# Something is corrupt?



## Uther (Dec 21, 2001)

Whenever trying to do anything other than look at usercp, I get immediately forwarded to this error:



> vBulletin Message
> Invalid $idname specified. The post or the thread may have been moved into the archive.
> 
> Please try clicking HERE to check ARCHIVE 1
> ...


Note, I was able to post this by hitting escape quickly before the auto-redirect got me.


----------



## Unbeliever (Feb 3, 2001)

Same here, using the same method (escape quickly).

--Carlos V.


----------



## Peter Redmer (Jan 2, 2008)

Fixed.


----------



## nooneuknow (Feb 5, 2011)

I was seeing that error when trying to view a thread in the buyer/seller area.

I thought a mod or admin nuked a thread created by somebody else who gave me good feedback, which was followed by other positive feedback from others who bought my excessive TiVo-related items (cleaning house, not running a business here).

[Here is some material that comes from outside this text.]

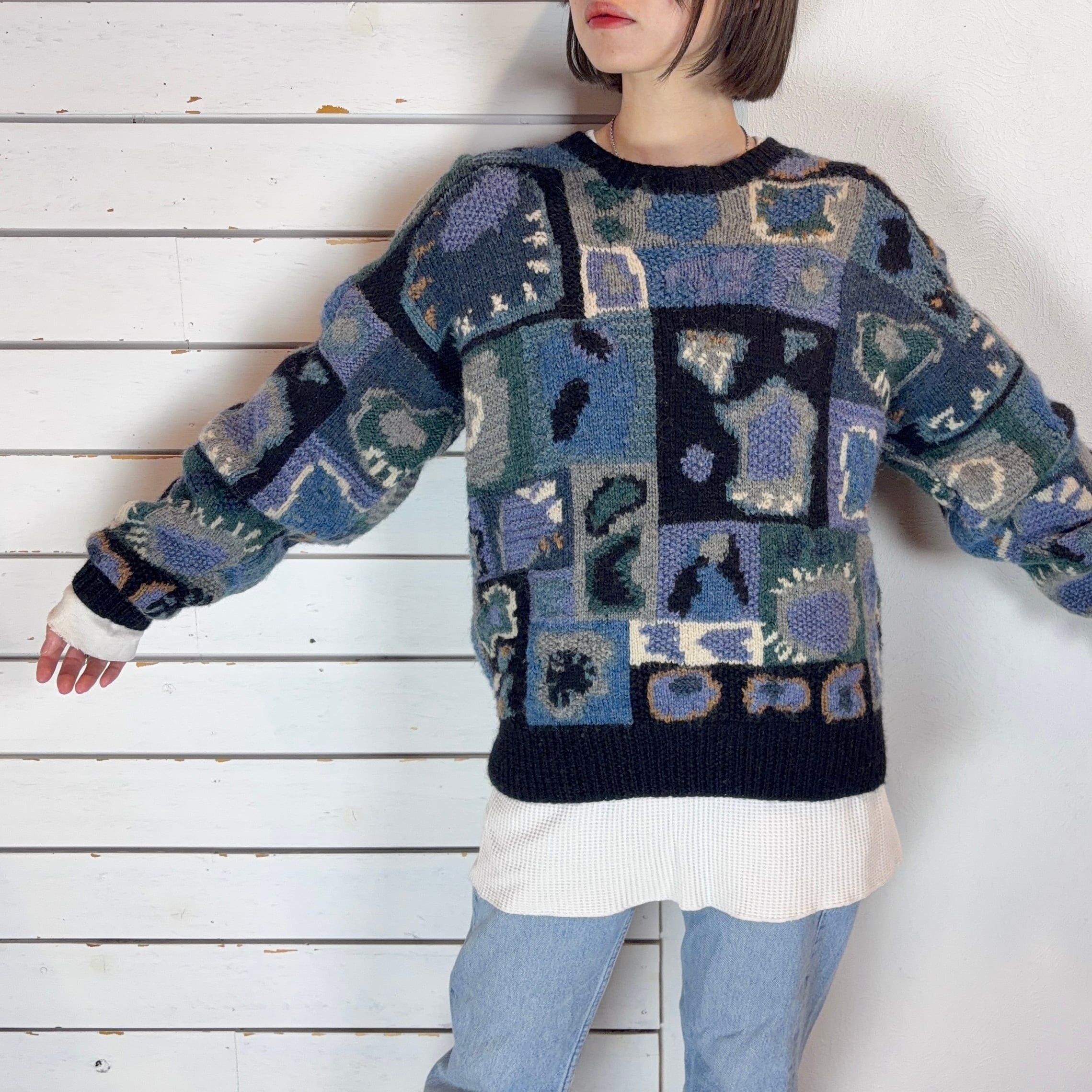 90s アートデザインウールニット

I posted in one of the actual threads on something I sold that I wished I had printed a copy. The positive comments were just so nice, as opposed to how things can be in the on-topic threads.

Then, the thread magically came back. How did I know the url to the thread that went missing? I had posted a link to the feedback thread within the threads for things I still hadn't sold.

During the time it was "missing" there was no trace it ever existed, and I experienced no other issues with anything (that I noticed). I just couldn't see it in my subscribed threads, listed in the buyer/seller area, or find it via search. I just had that url, and it gave that error.

So, something was going on before the crop of things that started threads about this error yesterday. I thought maybe this info might prove helpful to the admin(s).


----------



## Peter Redmer (Jan 2, 2008)

Hi nooneuknow,

We know exactly what caused this and resolved it as soon as we caught it


----------